Monterrey faces challenge due to decrease in industrial supply in the market
Solili | October 10, 2023 |

If we analyze the figure for gross industrial demand accumulated during the first three quarters of 2023, Monterrey is ahead with more than one million square meters, 25% more than that registered by Mexico City.

Although Monterrey's gross demand has been adjusting its growth if we compare it with what was recorded in the same period of 2022, we continue to face a scenario of rising rental prices and vacancy that, although it has managed to recover slightly, still remains at levels of 1.2 % at the end of Q3 2023.

Check here: Five industrial markets concentrate 75% of gross demand at the national level

Demand during the third quarter of the year has been distributed in the main industrial corridors, although Apodaca dominates with 47% followed by Ciénega de Flores, Salinas Victoria and Santa Catarina with 24%, 14% and 10%, respectively.

Regarding investments, the government of Nuevo León indicated that the entity captured 2,795 million dollars of Foreign Direct Investment during the first half of the year. The government's new projections aim to culminate in 2023 with a cumulative investment of 37 billion dollars, which, although executed progressively, creates decisive pressure on the industrial supply that is under development.
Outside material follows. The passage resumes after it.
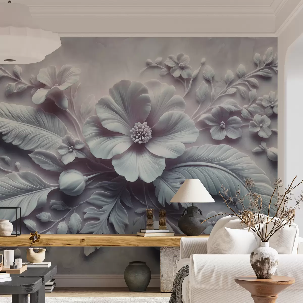 Fotobehang 3D reliëf wandkunst met veren en bloemen, met een grote klaproos in lichtblauwe kleuren N° w01340v2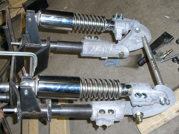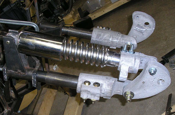Coming together, the fork mount bolted to the leading link bolted to the suspension mount.

Of this projected investment figure announced, about a third would be associated with electromobility, which is why the government in the entity is considering concrete actions such as the creation of an exclusive lane for Tesla, BMW and Daimler at the Colombia-Laredo Customs to respond to the need to transfer the original equipment manufacturers or OEMs, allowing the assembly companies to streamline operations. 

For example, in the automotive sector, the Sungwoo Hitech company plans to invest 300 million dollars to expand its plant in the entity, focusing on generating technology for hydrogen-based vehicles.

Other relevant investments of the period have impacted diverse sectors such as metalworking, logistics and construction, to name a few. The Ternium steel company in Pesquería announced in mid-June the investment of 3.2 billion dollars.

In the logistics sector, the Danish firm DSV will build its fourth plant in Mexico of 11 thousand square meters, which it plans to complete in 2024.

Of interest: What is currently being built in the Bajío industrial market?

In the construction sector, the consortium made up of the companies Mota-Engil México and CRRC Nanjing/ Pushen, of Portuguese and Chinese origin, confirmed in mid-August that they will invest close to 3 billion pesos in the state of Nuevo León. The Mexican company Frisa will also invest 200 million dollars to increase its production processes in its plants located in García and Santa Catarina with the aim of developing special steel products.

The mobilization of developers to generate an industrial supply that allows them to supply demand leads them to the figure of one million 650 thousand square meters of projects that are advancing in the most developed institutional market in the north of Mexico, although it does not seem to be enough for the 2024 projections..

Of the almost 90 industrial buildings currently being built, only about a third is available and the highest concentration of warehouses is in the sizes of 10 to 20 thousand square meters, with rental prices ranging from an average of $6.3 up to a maximum of $7.5 dollars per square meter monthly.